Please set down only the lines from the one containing "VR in a museum." through the end of the entries below, exactly, minus any pictures.

□ □ □ □

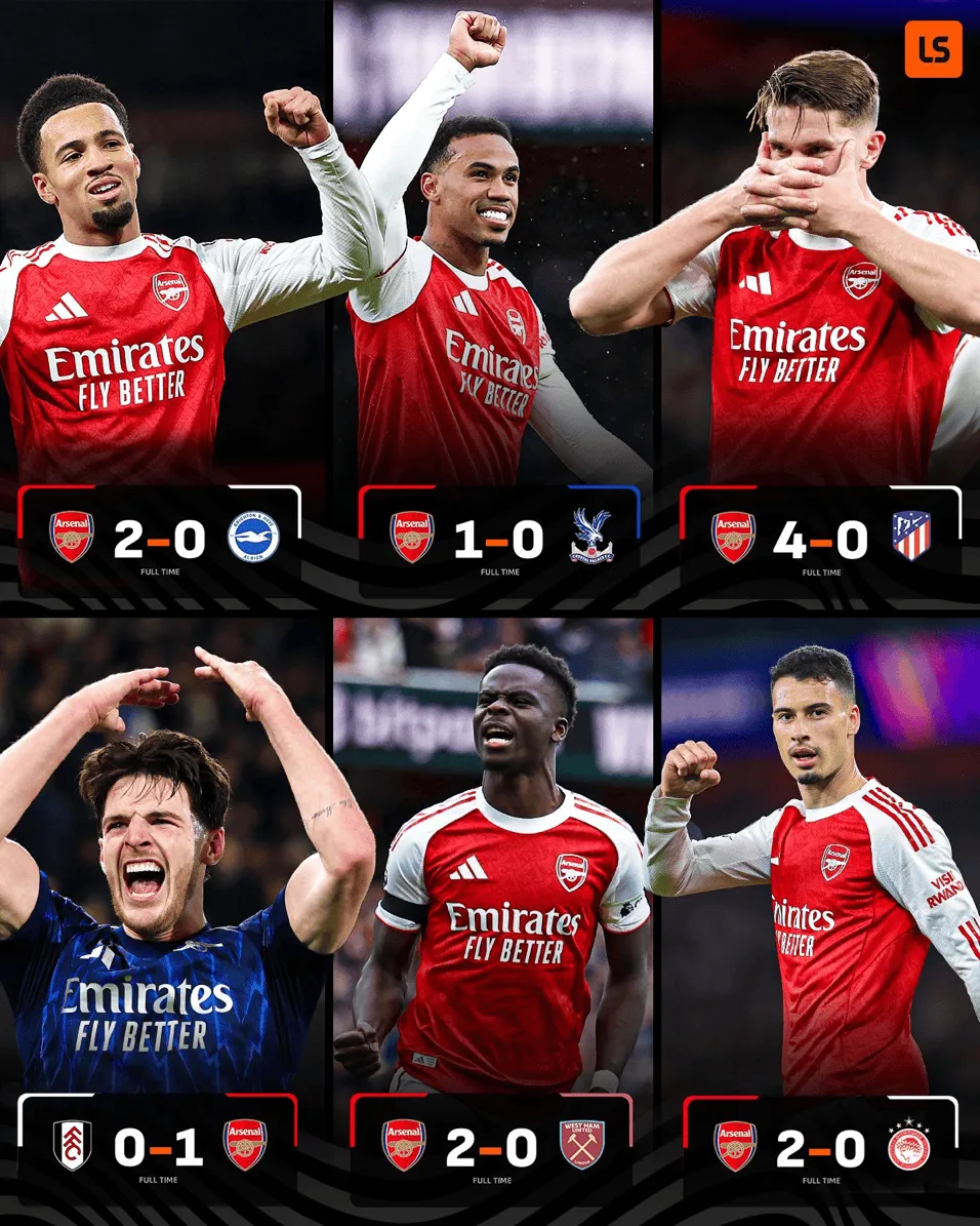 根据Live Score的统计,阿森纳已经取得了各项赛事的八连胜,而且10月份的6场比赛里一球未失。
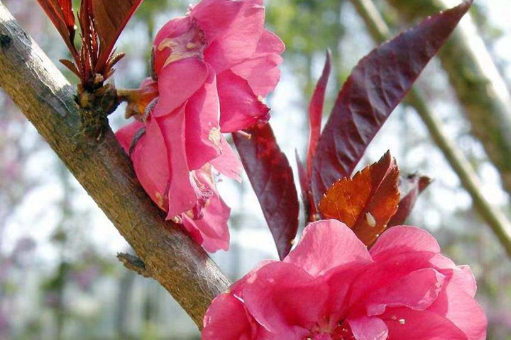红叶碧桃:属于落叶小乔木,树皮主要为灰褐色,小枝为红褐色,单叶互生。新叶为鲜红色,而后转变成为深紫红色。从5月下旬开始,枝叶逐步转变成为绿色。叶片形状为卵圆状披针形,叶缘处有锯齿。
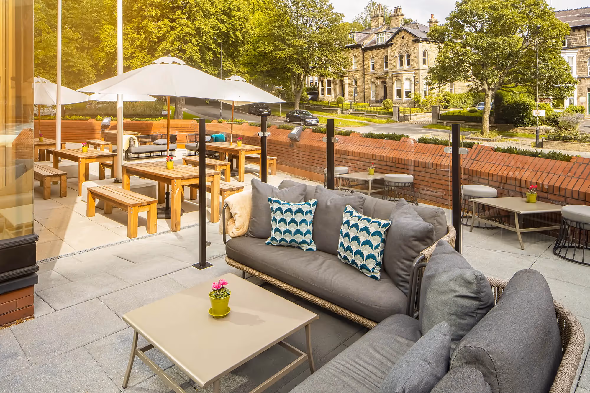 The hotel enjoys a central location within Harrogate, situated less than a ten-minute walk to train stations that have direct links to Leeds, York and London. The hotel is directly linked to the Harrogate International Convention Centre.
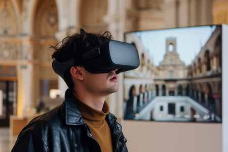 VR in a museum. A man wearing VR glasses and headphones is in a museum.
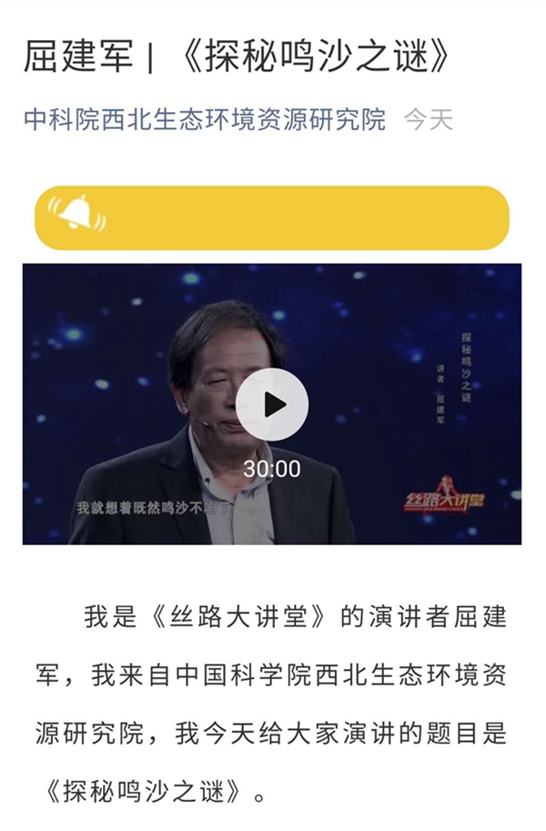 在西北研究院微信公眾號(hào)推送了屈建軍研究員主講的《探秘鳴沙之謎》科普?qǐng)?bào)告,報(bào)告講述了其研究團(tuán)隊(duì)通過長年的科學(xué)研究,發(fā)現(xiàn)自然沙粒表面的多孔(坑)狀結(jié)構(gòu)所構(gòu)成的共鳴腔,是鳴沙發(fā)聲的關(guān)鍵所在。就像掏耳朵一樣,把堵在孔洞里的臟東西洗干凈,鳴沙就“復(fù)聲”了,實(shí)現(xiàn)了鳴沙的修復(fù),成功復(fù)活了鳴沙自然現(xiàn)象,讓失聲的沙子再“唱歌”。

□ □ □ □

● Result of the task:
 VR in a museum. A man wearing VR glasses and headphones is in a museum.
 在西北研究院微信公眾號(hào)推送了屈建軍研究員主講的《探秘鳴沙之謎》科普?qǐng)?bào)告,報(bào)告講述了其研究團(tuán)隊(duì)通過長年的科學(xué)研究,發(fā)現(xiàn)自然沙粒表面的多孔(坑)狀結(jié)構(gòu)所構(gòu)成的共鳴腔,是鳴沙發(fā)聲的關(guān)鍵所在。就像掏耳朵一樣,把堵在孔洞里的臟東西洗干凈,鳴沙就“復(fù)聲”了,實(shí)現(xiàn)了鳴沙的修復(fù),成功復(fù)活了鳴沙自然現(xiàn)象,讓失聲的沙子再“唱歌”。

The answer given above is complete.